Caleb Knueven is a freelance photographer and filmmaker from Kansas. Also known as Bad Flashes on YouTube, he loves to share his excitement for all things analogue, giving his tips, tricks, and reviews on film stocks and cameras.
So, we sent him a roll of our new 2021 production of LomoChrome Turquoise in 35 mm to hear his thoughts. He set out to Joshua Tree in California to capture vast landscapes in all turquoise glory. Here's what he has to say.
Hello Caleb, welcome to the Lomography Online Magazine! May you give a short introduction of yourself?
I’m a Filmmaker / Photographer / coffee lover who’s always looking for that next adventure! Most days you can find me behind a desk editing my Youtube videos for my channel Bad Flashes, but when I see the sun you can bet I’ll have a camera in my hand.
What got you very interested in film photography?
I’ve always been interested in visual storytelling whether that is through film or photography. I was bored one day at my day job and stumbled upon an article about medium format cameras (which at that point I had never heard of), so that very second I bought myself a Holga 120 and the rest is history.
How do you like to describe your photography style?
I would say it’s a mixture of landscape, cityscape and what I'm now calling “Decaying Architectural Photography” (a.k.a shooting abandoned buildings.) I find that old buildings have a rich history behind them and I really like exploring that. Overall if the light and shadow or subject matter catches my eye, I’ll snap a photo and for the most part I like simple compositions.
What was your thought process behind shooting LomoChrome Turquoise? Which camera did you use?
I had a brief encounter several years ago with a roll of LomoChrome Turquoise in 120. I shot that roll in my Pentax 67 while in Vancouver and I loved it! Unfortunately by that time I was late to the party and when I got back to LA it was no longer available. That's why I was excited to get my hands on a pre-production roll. This time I shot it in my Leica M6 with a 12 mm Voigtlander ultra-wide lens, and some images were also taken with a Voigtlander 28 mm.
Where were these taken?
In and around Joshua Tree.
After shooting this film, what do you make of your results? Any first impressions?

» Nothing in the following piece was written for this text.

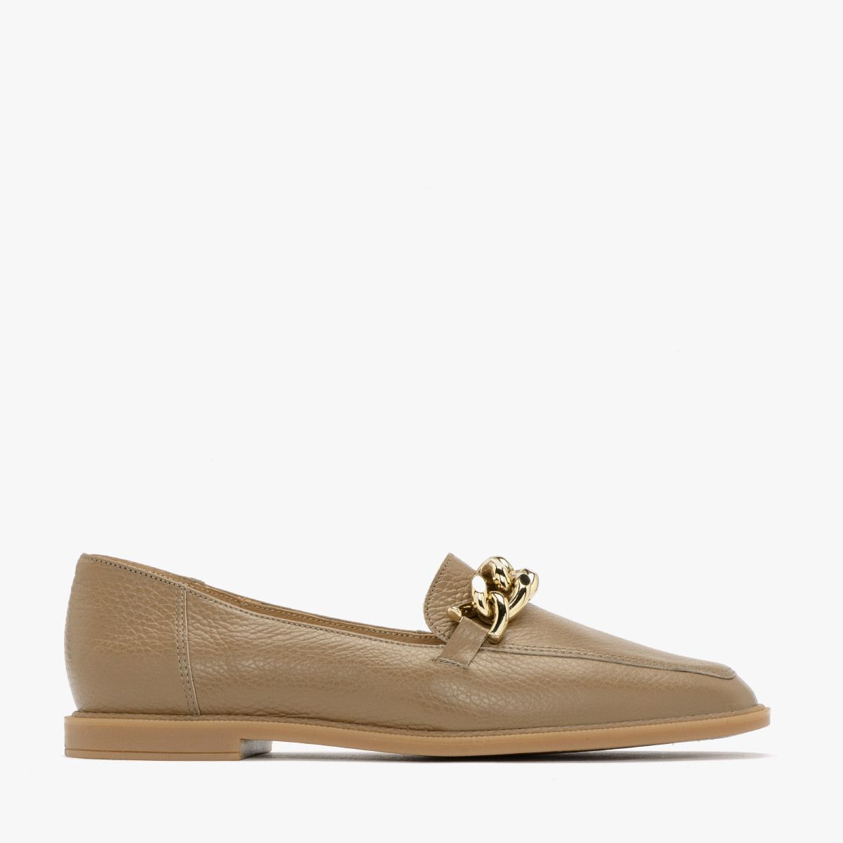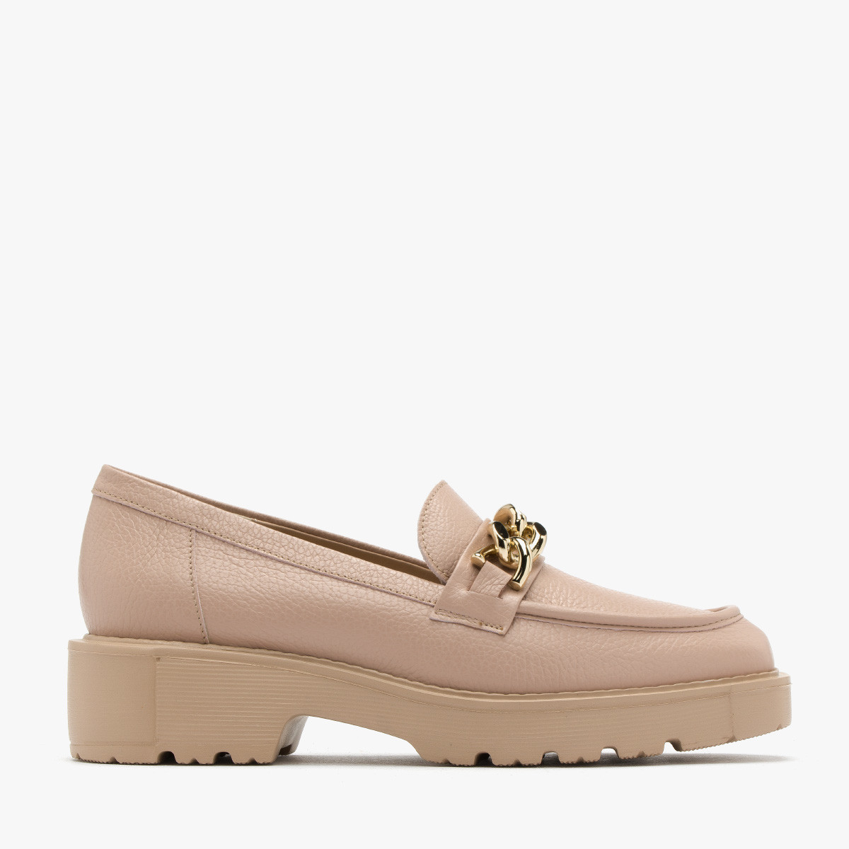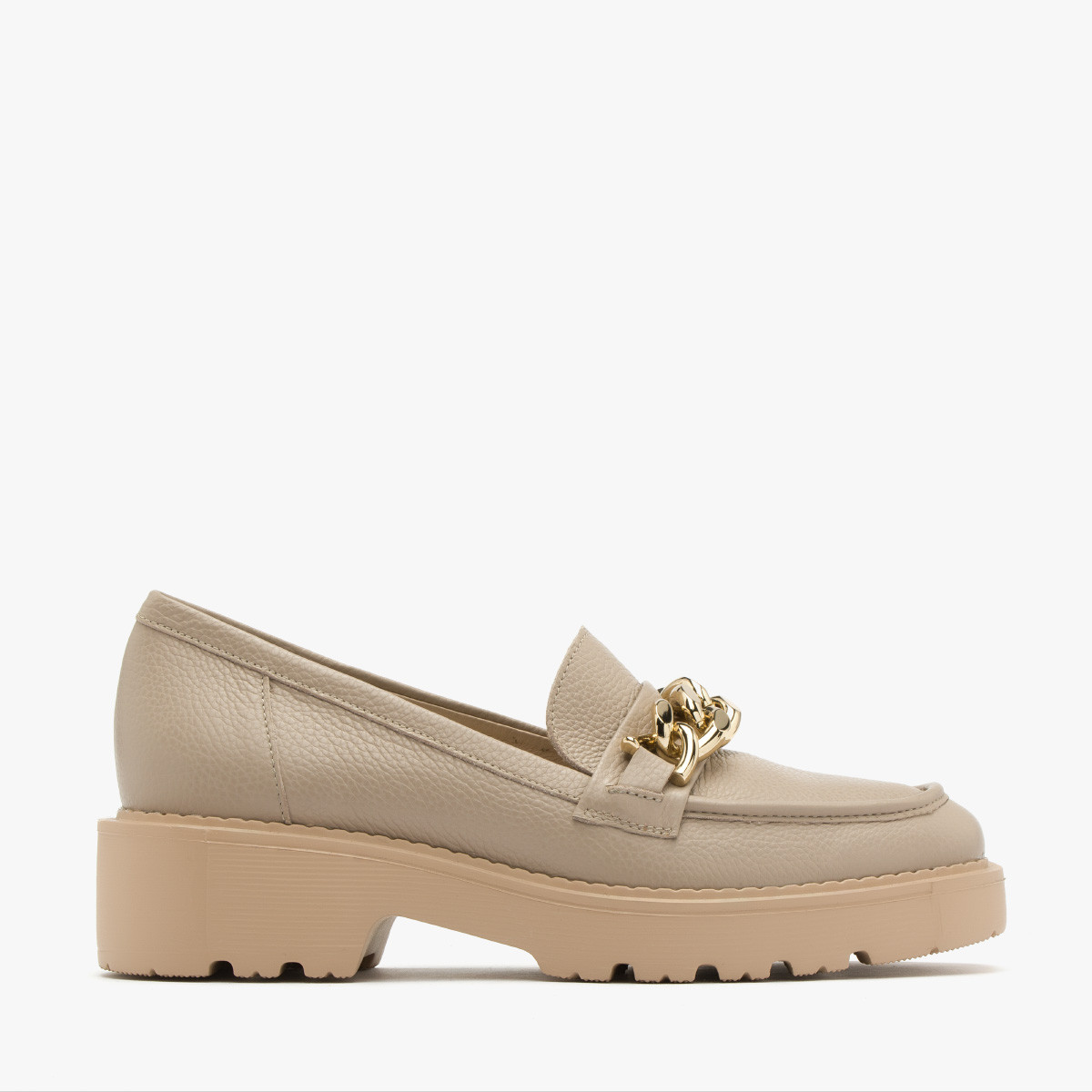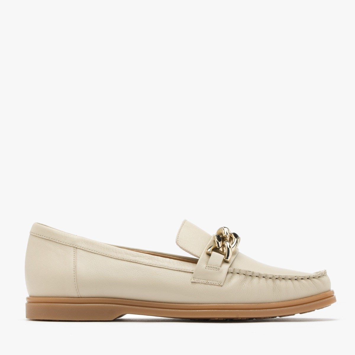 Kremowe mokasyny ze zotym ańcuchem na cholewce

My first thought was “Hells yeah! It’s back, baby!” I just couldn’t wait to get my hands on the updated film stock. Upon further examination while scanning and color correcting, I noticed that the highlights hold up really well. The shadows were a bit underexposed for my liking and sometimes I wasn’t able to save them. I ended up shooting the film at ISO 400 but I think next time I might go for ISO 320 or even ISO 200 for a little more shadow detail. To play devil's advocate though, it could have been due to the ultra-wide lens given that I noticed slightly better shadows while using the 28 mm lens.
If you could shoot this roll again, what or where else would you like to capture?
Well, it’s not a question of “If” but when. I’ve already pre-ordered a bunch in both 35 mm and 120! I would like to do more testing with colors to see what types of color shifts I can manage with this film. After that, I’ll probably take it to Utah. I have a massive trip planned that will take two weeks and you can bet I’ll be bringing LomoChrome Turquoise along. I don’t do a lot of portrait work but it would also be fun to try and capture something unique with this film stock.
Do you have any tips or tricks you can share for those looking to try this film?
I feel like I would have to put a few rolls through my camera and test a bit more before I could give some solid tips or tricks but maybe if anything, just have fun! And when I do stumble on some tips I'll definitely share!